MedFlow autonomously:
- detects the issue,
- analyzes inventory and demand patterns,
- checks compliance policies,
- determines the safest operational response,
- requests approval if necessary,
- executes the workflow,
- and stores the entire reasoning chain in persistent memory.
We also built live policy enforcement into the system. If the agent attempts an unsafe or non-compliant action, NemoClaw blocks the workflow immediately.
How We Built It
Frontend
- React 19
- TanStack Start
- TypeScript
- Tailwind CSS
The frontend dashboard displays:
- live inventory monitoring,
- medication risk alerts,
- agent reasoning,
- approval workflows,
- and audit logs.
Backend
- Python
- FastAPI
- SQLite
The backend handles:
- inventory APIs,
- persistent memory,
- workflow orchestration,
- audit logging,
- and tool execution.
AI Stack
- NVIDIA Nemotron for reasoning and planning
- NanoOmni for evidence analysis
- NemoClaw for policy enforcement
- OpenClaw for autonomous tool execution
We deployed the system on NVIDIA Brev using an L40 GPU instance with 48GB VRAM for accelerated inference and orchestration.
We also used several specialized Nemotron workflows for:
- triage,
- compliance analysis,
- pattern recognition,
- and operational reasoning.
Architecture
Inventory → AI Reasoning → Policy Enforcement → Tool Execution → Audit Memory
Expanded workflow:
Hospital Inventory Systems
↓
OpenClaw Autonomous Agent
↓
NVIDIA Nemotron Reasoning Layer
↓
NemoClaw Safety & Compliance Policies
↓
Operational Tool Execution
↓
Persistent Audit & Memory Storage
Challenges We Ran Into
The hardest part of building MedFlow was balancing autonomy with safety.
We wanted the system to do more than generate recommendations — it needed to:
- take meaningful actions,
- enforce compliance rules,
- explain its decisions,
- and prevent unsafe workflows before execution.
Building the governance layer was especially challenging because healthcare environments require deterministic safeguards around recalls, transfers, and escalation procedures.
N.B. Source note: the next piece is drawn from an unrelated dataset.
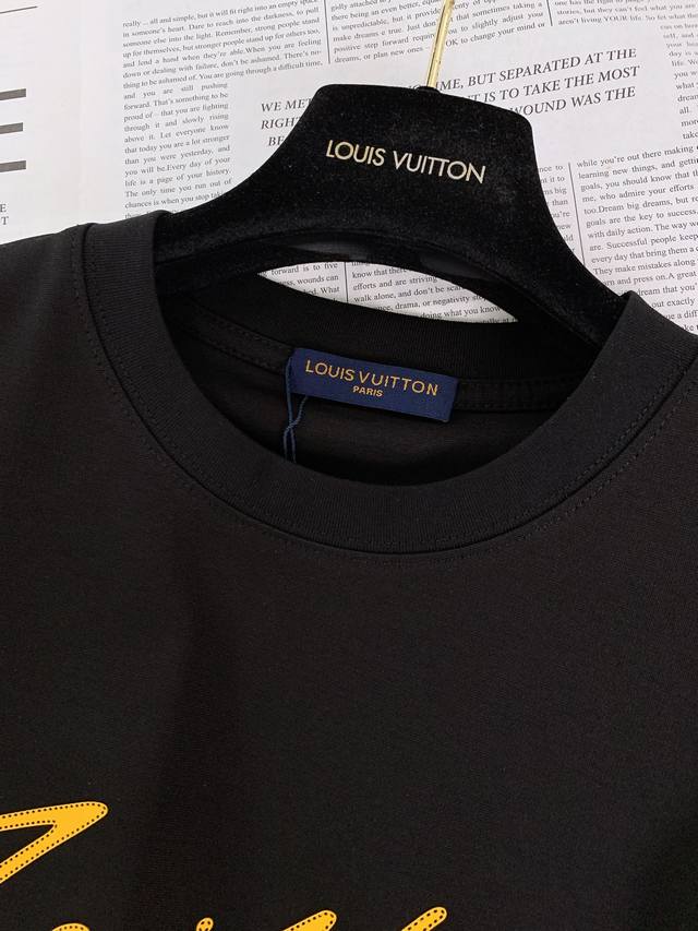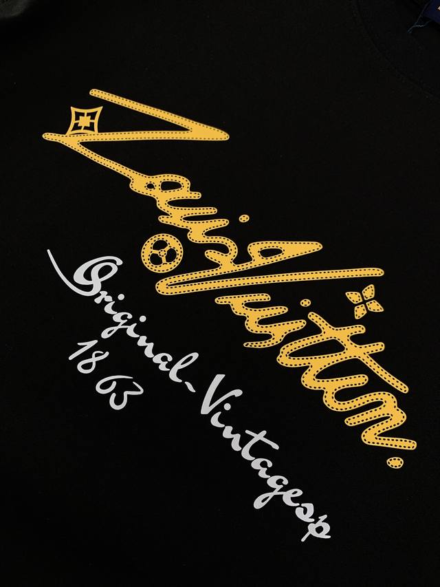 Louis Vuitton 2025 Spring/Summer New Arrival - Embossed Logo T-Shirt. A creative presentation of the iconic element. The prominent logo on the chest features a smooth and artistic handwritten font in a striking gold color, embellished with the classic Monogram pattern, making the brand logo anything but monotonous. Below, the words "Original-Vintageso 0" in an elegant handwritten font echo the brand logo above, commemorating the brand's rich history since 1863. Made from high-quality pure cotton, the T-shirt is soft and skin-friendly, breathable and sweat-wicking, ensuring the wearer's comfort at all times. The neckline, cuffs, and hem feature meticulous stitching with fine and even stitches, ensuring durability and adding to the overall sophistication . Size: M-3XL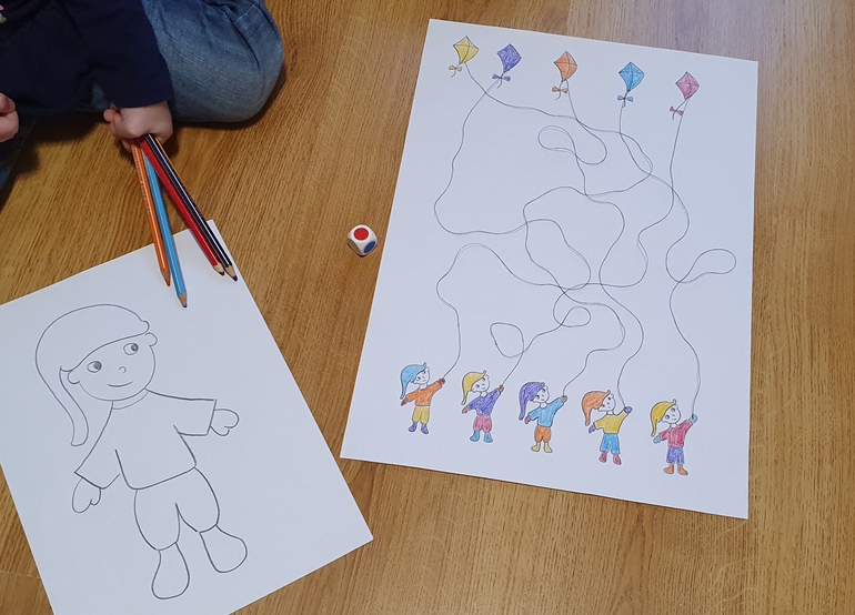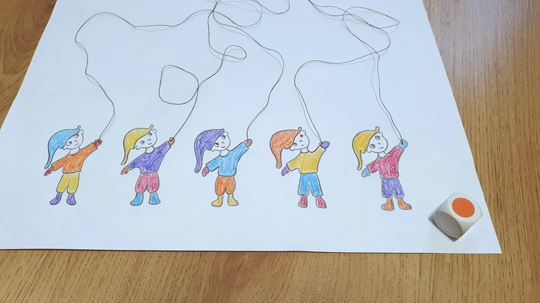 Играем так. Перед началом каждый игрок получает раскраску с гномиком. По очереди бросаем кубик и ищем гномика, который держит змея того цвета, который выпал на кубике. Ниточки трогать нельзя, только прослеживать траекторию глазами.

Another major challenge was coordinating multi-step reasoning across several AI systems while keeping the workflow understandable and responsive in real time.
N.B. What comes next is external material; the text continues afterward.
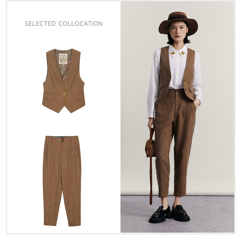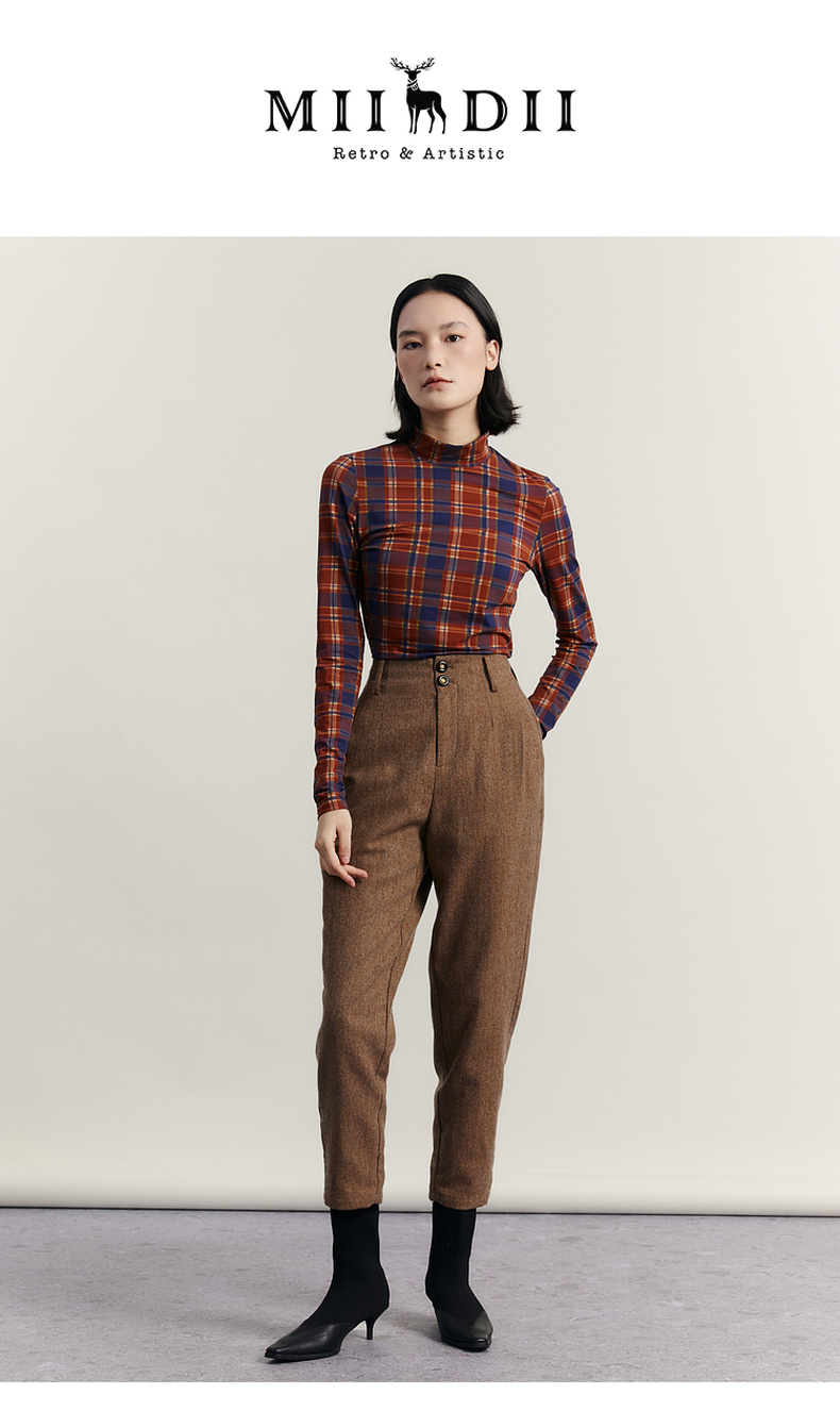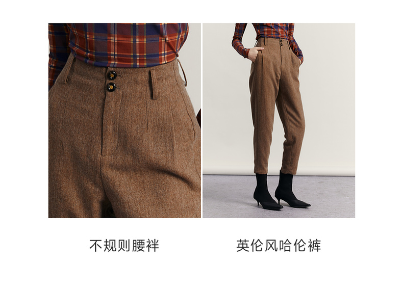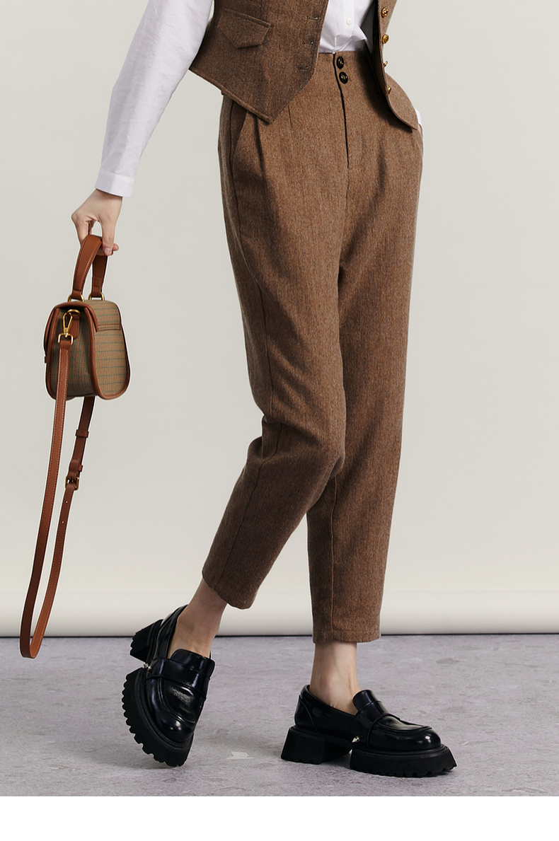 谜底毛呢萝卜裤女士2023冬季新品复古百搭保暖九分裤女234MK1529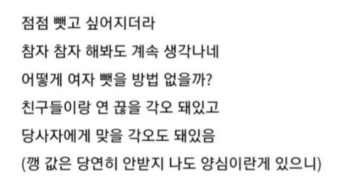이에 A씨는 글을 올리며 “어떻게 여자 뺏을 방법 없냐”,”친구들이랑 연 끊을 각오도 되어있다”며 터무니 없는 조언을 구했고 “당사자 B에게 맞을 각오도 되어있다”며”깽값은 나도 양심이라는 게 있으니 받지 않겠다”고 덧붙였다.

We also had to design persistent memory so the agent could retain operational context and maintain continuity between decisions.
Accomplishments That We're Proud Of
- Built a fully autonomous healthcare operations workflow instead of a basic chatbot
- Integrated reasoning, governance, memory, and tool execution into a single system
- Created real-time policy enforcement using NemoClaw
- Implemented persistent audit trails for every action
- Simulated realistic hospital pharmacy workflows with explainable reasoning
- Successfully deployed the system using NVIDIA Brev infrastructure
Most importantly, we built something that feels operationally believable — not just experimental.
What We Learned
One of our biggest takeaways was that autonomous AI systems become far more reliable when reasoning, memory, governance, and execution are treated as separate layers with clearly defined responsibilities.
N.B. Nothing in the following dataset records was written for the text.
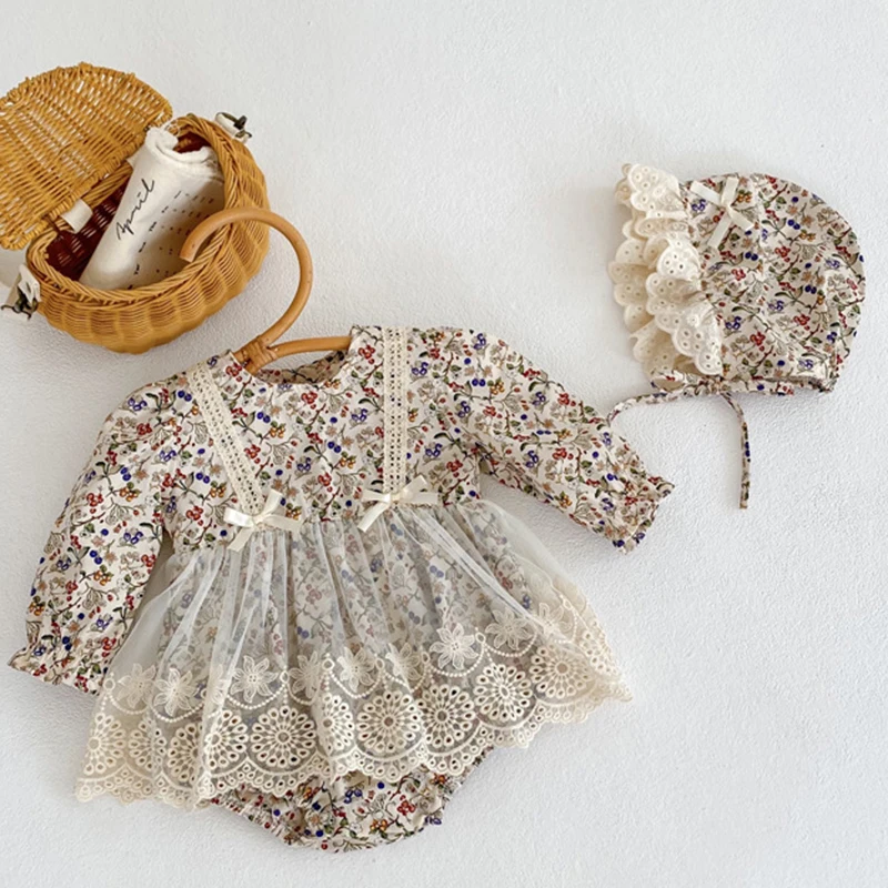 Комбинезоны для маленьких девочек + кружевной комбинезон с принтом в виде шапки, хлопковый комбинезон для маленьких девочек с длинным рукавом, одежда для маленьких девочек на весну и осень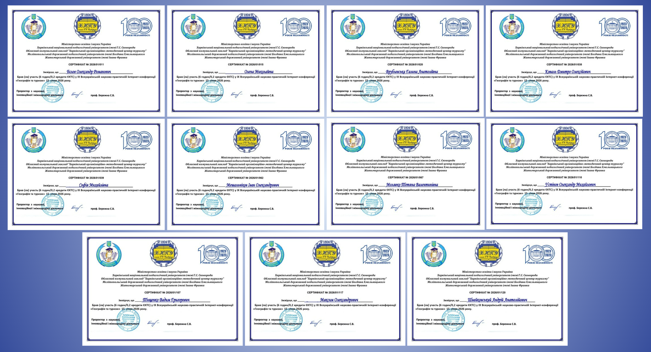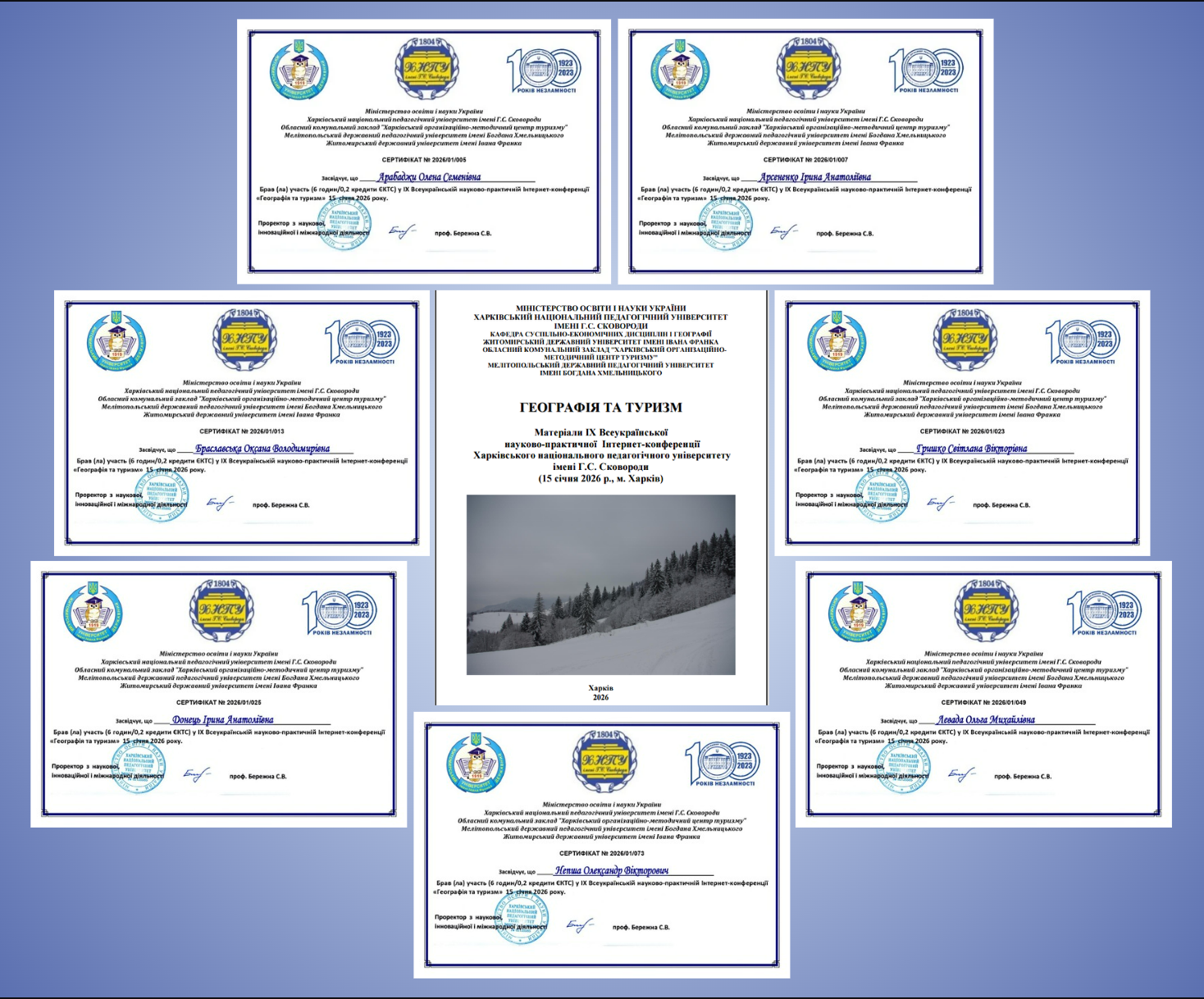 15 січня 2026 року науково-педагогічні працівники кафедри географії та туризму – професорка Оксана Браславська, доценти Олена Арабаджи, Ірина Арсененко, Світлана Гришко, Ірина Донець, Ольга Левада, старший викладач Олександр Непша, а також члени студентського наукового гуртка «Всесвіт» гідно представили наш заклад на ІХ Всеукраїнській науково-практичній інтернет-конференції «Географія та туризм».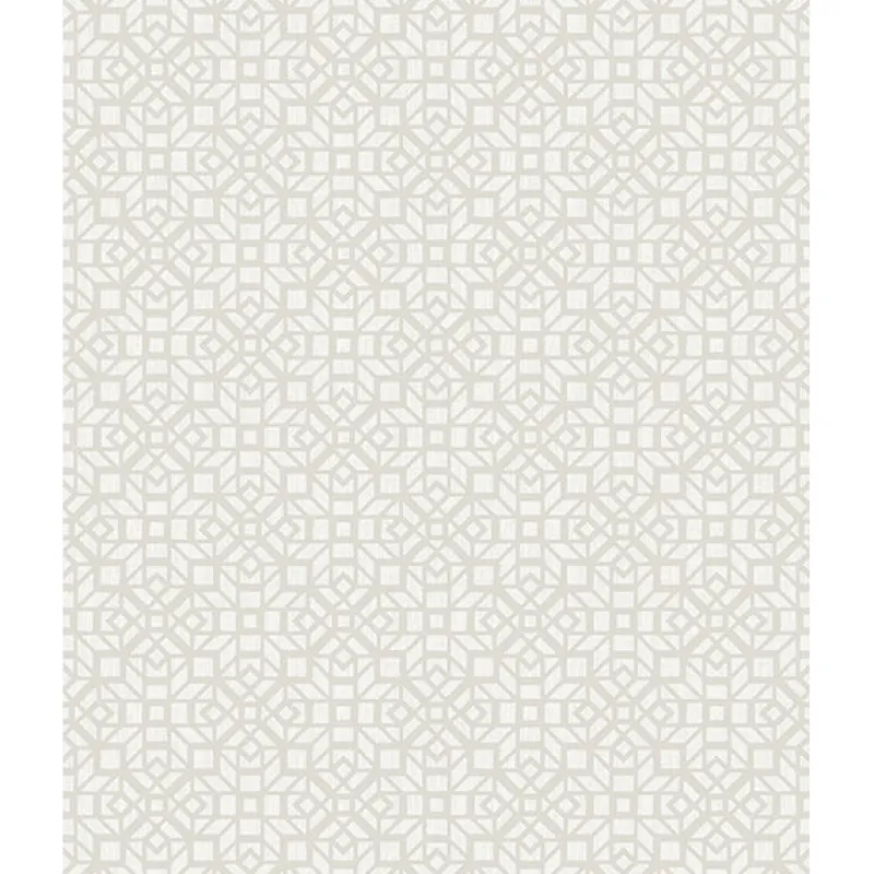 Light grey geometric quatrefoils create an intricate kaleidescope pattern in this light grey and white wallpaper.

We also learned that safety guardrails are not optional in regulated industries. AI systems become significantly more useful when they can explain why a decision was made and why unsafe actions were blocked.
Finally, we realized that the most interesting AI systems are not passive assistants — they’re workflow orchestrators capable of reasoning, acting, adapting, and maintaining accountability across complex operational environments.
Why It Matters
MedFlow demonstrates how autonomous agents can safely operate in regulated healthcare systems by combining:
- autonomous reasoning,
- deterministic safety guardrails,
- explainable decision-making,
- persistent auditability,
- and enterprise workflow orchestration.
Rather than replacing healthcare professionals, MedFlow is designed to reduce operational burden while keeping human oversight central to high-risk decisions.
What’s Next for MedFlow
Next, we want to expand MedFlow with:
- real-time hospital ERP integrations,
- predictive demand forecasting,
- automated recall response workflows,
- multi-agent coordination across healthcare networks,
- and advanced anomaly detection for cold-chain failures.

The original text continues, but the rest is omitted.